Ноги королевы и мадам Елизаветы встретились под столом и слегка коснулись друг друга.
Королева сидела лицом к Тюржи, и все движения лакея, прислуживающего за столом, были ей хорошо видны. Впрочем, все его жесты были настолько естественны, что не могли вызвать, да и не вызвали никаких подозрений у надзирателей.
После ужина со стола убирали с такими же мерами предосторожности, как и накрывали: мельчайшие крошки хлеба были подняты и тщательно осмотрены, после чего Тюржи вышел первым, за ним — муниципальные гвардейцы. Оставалась жена Тизона.
После того как ее разлучили с дочерью, о судьбе которой она совершенно ничего не знала, эта женщина совсем рассвирепела. Каждый раз когда королева обнимала свою дочь, жену Тизона охватывали приступы ярости, похожей на сумасшествие; и королева, чье материнское сердце понимало горе другой матери, часто останавливалась именно в тот момент, когда хотела доставить себе единственное утешение, что ей еще оставалось, прижать к сердцу свою дочь.
Тизон вернулся за женой, но та заявила, что не уйдет до тех пор, пока вдова Капет не ляжет спать.

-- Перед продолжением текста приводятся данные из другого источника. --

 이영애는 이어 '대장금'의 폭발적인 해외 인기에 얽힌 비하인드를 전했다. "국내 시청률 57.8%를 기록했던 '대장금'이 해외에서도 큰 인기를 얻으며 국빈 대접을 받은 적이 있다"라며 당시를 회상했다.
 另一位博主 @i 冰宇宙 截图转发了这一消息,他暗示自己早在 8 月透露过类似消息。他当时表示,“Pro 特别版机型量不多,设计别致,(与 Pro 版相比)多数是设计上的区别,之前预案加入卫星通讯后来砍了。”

Мадам Елизавета простилась с королевой и ушла в свою комнату. Королева и ее дочь разделись и легли; лишь тогда жена Тизона взяла свечу и вышла.

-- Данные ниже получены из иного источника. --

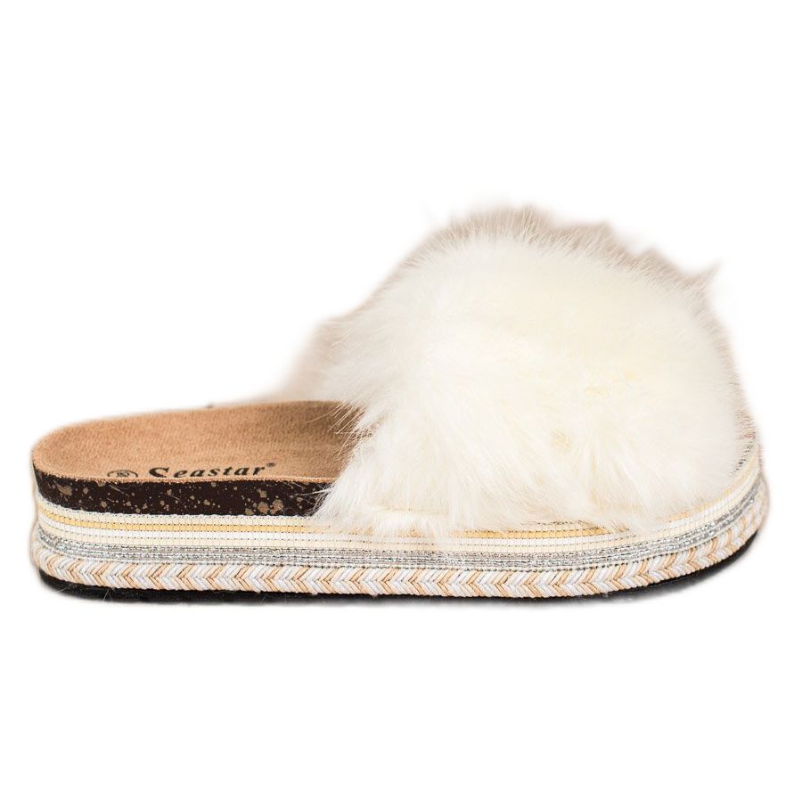 Upptäck sommartrender med fashionabla flip-flops på en dekorativ plattform från tillverkaren Seastar! Dessa vita flip-flops utmärker sig inte bara genom sitt eleganta utseende, utan också genom sin komfort att bära och ekologiska material. Mjuk, helt ekologisk päls omsluter dina fötter, och tygets innersula säkerställer komfort hela dagen. Under dina dagliga promenader kan du njuta av lätthet tack vare den syntetiska sulan med slitbana som ger bra grepp.

Охранники тоже улеглись, расположившись в коридоре на своих складных кроватях.
Луна, эта бледная гостья узниц, скользнула через отверстие в навесе косым лучом от окна к подножию кровати королевы.
Какое-то время все в комнате было спокойно и тихо.
Потом дверь медленно повернулась на петлях, чья-то тень скользнула через полосу лунного света и подошла к изголовью кровати. Это была мадам Елизавета.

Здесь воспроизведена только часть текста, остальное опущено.